Première du Triumvirat (10 représentations jusqu’au 13 janvier) ; édition de la pièce l’année suivante par Charles Hochereau, avec une dédicace à Mme Bignon, maîtresse des requêtes, et addition d’une impression spéciale de la pièce à l’édition royale de 1750, sans que le roi en assume cette fois les frais.

1755

[juillet-août]

Approbation, sous réserve d’amendement de quelques vers trop « déistes », de L’Orphelin de la Chine de Voltaire, lequel s’insurge et crie à l’affront personnel.

29 décembre

Mort de Mme de Villeneuve.

1756

3 février

Pension annuelle de 400 livres accordée grâce à l’entremise du marquis de Marigny, frère de Mme de Pompadour.

1761

Nouvelles hostilités entre Crébillon et Voltaire, le censeur refusant d’approuver Le Droit du Seigneur.

22 mai

Réception du dramaturge en tant que membre honoraire de l’Académie des Sciences, Arts et Belles-Lettres de Dijon.

1762

19 janvier

Crébillon malade reçoit le viatique, « réconcilié avec l’Église, son fils et M. de Voltaire » selon Favart.

14 juin

Nouvelle administration des derniers sacrements.

17 juin

Mort de Prosper Jolyot de Crébillon, « écuyer, l’un des quarante de l’Académie française et des Académies de Dijon et de Rouen, censeur royal et de la police ».

35

19 juin

Célébration du service funèbre en l’église Saint-Gervais, aux dépens du roi ; messe commandée par l’Académie française aux Cordeliers. La mort du dramaturge n’éteint pas la querelle avec Voltaire, dont l’Éloge de M. de Crébillon est rempli de perfidies.

6 juillet

Les Comédiens Français, interdits de présence le jour des obsèques, rendent hommage au dramaturge en finançant par souscription, à la Commanderie de Saint-Jean-de-Latran, propriété de l’Ordre de Malte, une pompe funèbre extraordinaire, dispendieuse et imposante – on y joue le Te Deum de François Rebel et le Requiem de Jean Gilles, rejoué deux ans plus tard aux funérailles de Jean-François Rameau – ; Crébillon fils [ou Mle Clairon, selon les sources], en grand manteau noir offert par les comédiens, mène le deuil. Le frère René Huot, prieur de Saint-Jean de Latran où se déroule la cérémonie, est sévèrement sanctionné par sa hiérarchie sur plainte de Mgr de Beaumont, archevêque de Paris, pour avoir accepté de dire un service funèbre commandé par un corps d’excommuniés : il est condamné à plusieurs mois de séminaire et 200 francs d’amende au profit des pauvres.

4 décembre

Élection de l’abbé Claude-Henri de Fusée de Voisenon à l’Académie française, au fauteuil de Crébillon ; remplacement du dramaturge par Claude Marin aux fonctions de censeur de police.
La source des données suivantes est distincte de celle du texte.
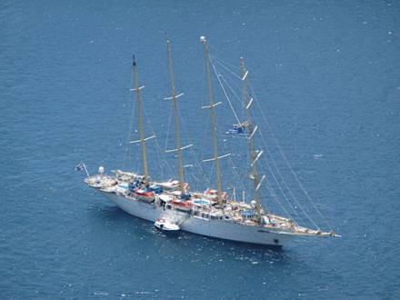 Ships seen from Homeric PoemsEveryday wonderful ships arrive at the caldera and can be seen from all terraces of Homeric Poems.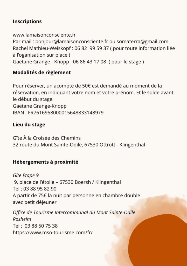📍 Le stage se déroulera en Alsace, au gîte La Croisée des Chemins, au pied du Mont Sainte-Odile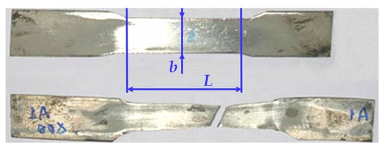 During a traffic accident, the crumple zones of a vehicle are subject to plastic deformations (plastic deformation waves develop), and the geometry of the entire structure changes. During the post-accident repair of the vehicle, the geometry of the safety elements of its structure must be restored. The present study deals with the effects that may alter the characteristics of these elements, i.e., plastic deformations, when the elements are being straightened back by tensioning, bending, and hammering. An appropriate description of the material is required to be able to design the numerical models. For this purpose, material tension tests were performed to determine the mechanical properties of the materials of the elements investigated and the influence of process-related effects on them. Flat tensioning samples were prepared and the experiments were carried out according to the requirements of standard LST EN 10002-1:2003 [46]. Measurements of the test part of the plates used for the tests were L = 55 mm, b = 20 mm (Figure 1).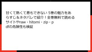 BL 甘くて熱くて息もできない 5巻の魅力をあらすじ&ネタバレで紹介!全巻無料で読めるサイトやraw・hitomi・zip・pdfの危険性も検証 『甘くて熱くて息もできない』5巻のあらすじを徹底解説 『甘くて熱くて息もできない』は、蜂巣による人気ボーイズラブ(BL)コミックで、独特な設定と魅力的なキャラクターたちの恋愛模様が読者を引きつけています。5巻では、専門学生の絢斗と理央の... 2025.09.06 BL甘くて熱くて息もできない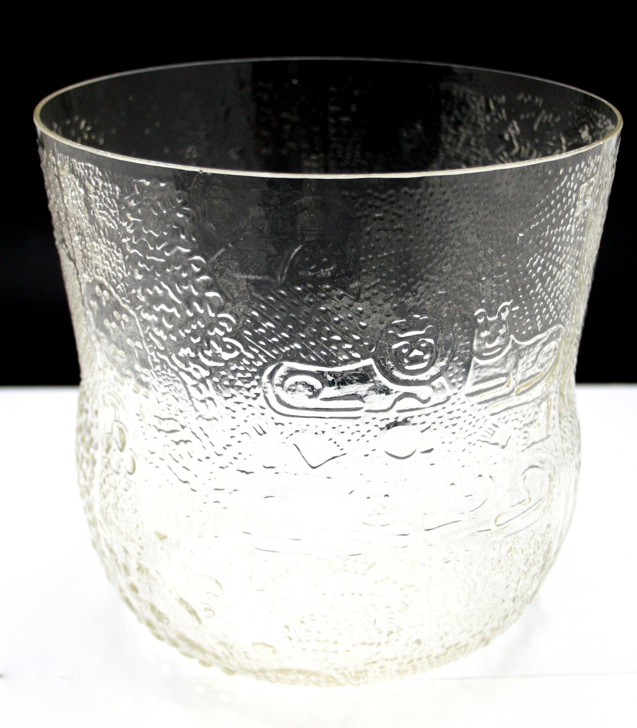 Nuutajärvi, Iittala, Finland, Fauna bowle, skål i glas. Designet af Oiva Toikka i 1970'erne. Motiver bla. med dyrefigurer bjørn, ugle og løver. Højde 18,5 cm. Diameter 19 cm. Pris: 350 kr.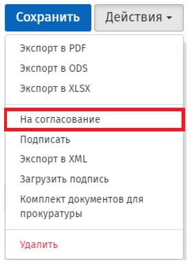 Для перевода КНМ в статус "На согласовании" необходимо выбрать действие "На согласование".

À la demande du marquis de Marigny, directeur général des Bâtiments, commande est passée par le roi, initialement pour l’église de Saint-Gervais, d’un monument commémoratif ; Jean-Baptiste Lemoyne, sculpteur officiel du roi, s’engage pour 10 000 livres à faire un ouvrage en marbre polychrome représentant « la figure de la Poésie pleurante sur le buste de M. de Crébillon » – l’épitaphe est composée par Piron.

1764

5 juillet

Première et unique représentation des Triumvirs, tragédie de Voltaire inspirée du Triumvirat de Crébillon.

1772

Annonce par Voltaire des Pélopides, version « raccommodée » d’Atrée et Thyeste – la pièce ne sera jamais jouée.